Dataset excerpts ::
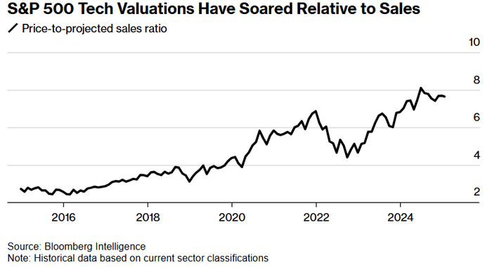 标普500指数科技板块的估值相对于销售额飙升
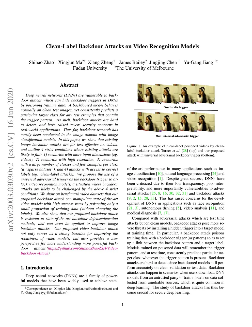 Clean-Label Backdoor Attacks on Video Recognition Models
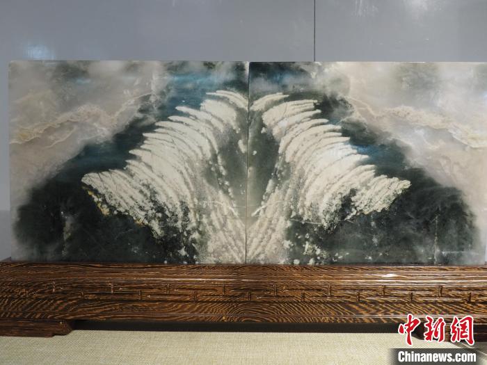 圖為現場展出的一塊奇石,其圖案有如瀑布飛流直下。李嬌陽 攝
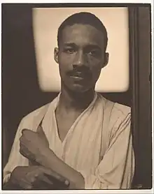 In the portrait, the dark skin of Kirnon’s fingertips trace the white fabric of his shirt, and he tugs at his suspenders in a subtle gesture toward the menial job he had taken to support his intellectual and cultural work: to lift viewers from the restless sidewalks of Midtown Manhattan to the attic-level artistic center... In the elevator, he crossed paths with artists—many of them foreigners and outsiders engaged in their own struggle of “getting up,” as the German-born painter Oscar Bluemner once put it, of negotiating the “vertical of American society”—who occasionally invited Kirnon into the inner sanctum of their circle.[10]
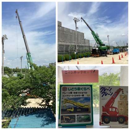 今日は屋体棟の工事のため、クレーン車が運動場に来ていました。
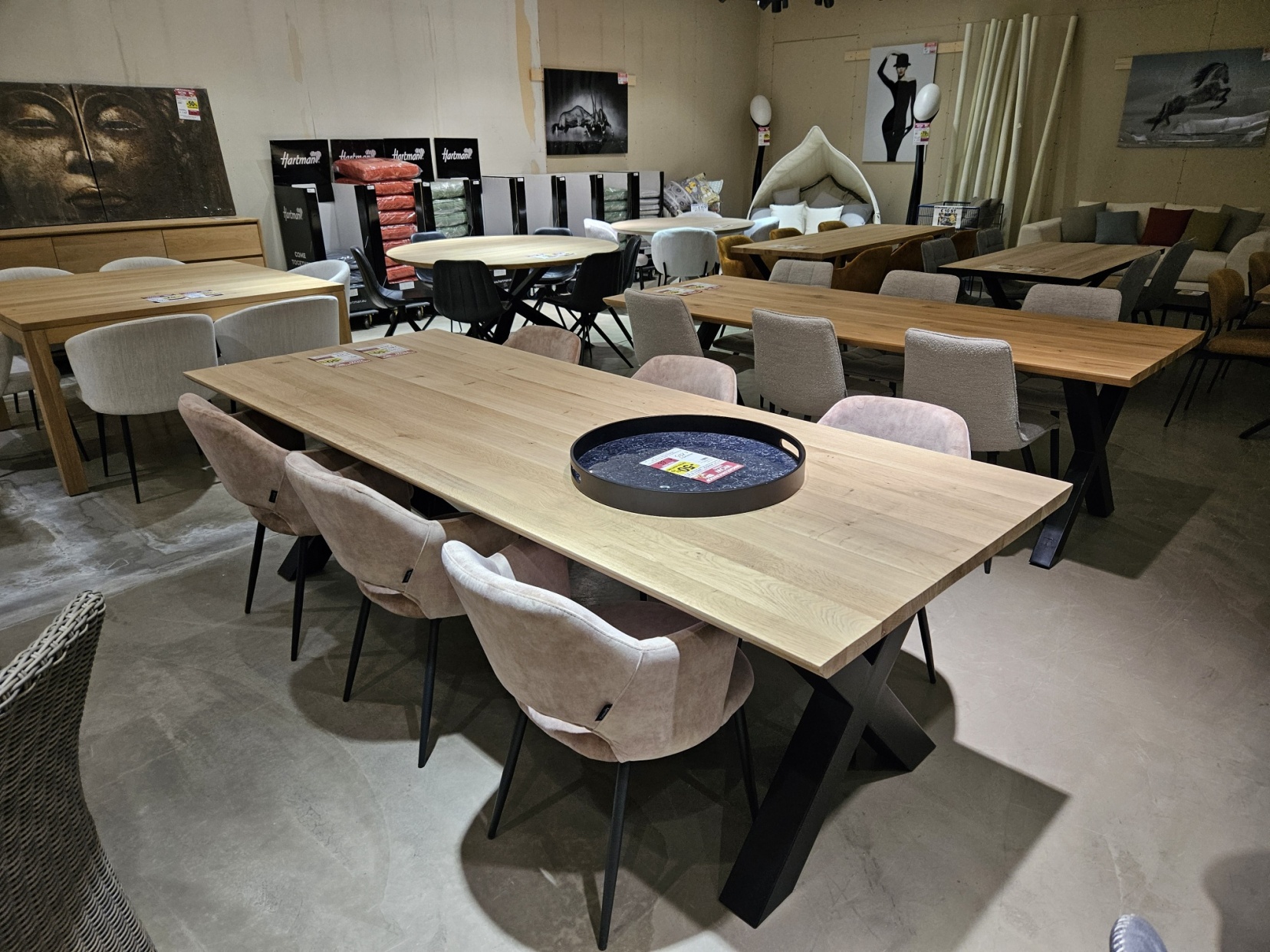 We bieden een ruim assortiment aan, waaronder interieurtafels, stoelen, dressoirkasten, vitrines en tv-meubelen.

What the exercise asks :: Your answer must be an exact copy of the entries above, with no pictures in it.

Exercise solution ::
 标普500指数科技板块的估值相对于销售额飙升
 Clean-Label Backdoor Attacks on Video Recognition Models
 圖為現場展出的一塊奇石,其圖案有如瀑布飛流直下。李嬌陽 攝
 In the portrait, the dark skin of Kirnon’s fingertips trace the white fabric of his shirt, and he tugs at his suspenders in a subtle gesture toward the menial job he had taken to support his intellectual and cultural work: to lift viewers from the restless sidewalks of Midtown Manhattan to the attic-level artistic center... In the elevator, he crossed paths with artists—many of them foreigners and outsiders engaged in their own struggle of “getting up,” as the German-born painter Oscar Bluemner once put it, of negotiating the “vertical of American society”—who occasionally invited Kirnon into the inner sanctum of their circle.[10]
 今日は屋体棟の工事のため、クレーン車が運動場に来ていました。
 We bieden een ruim assortiment aan, waaronder interieurtafels, stoelen, dressoirkasten, vitrines en tv-meubelen.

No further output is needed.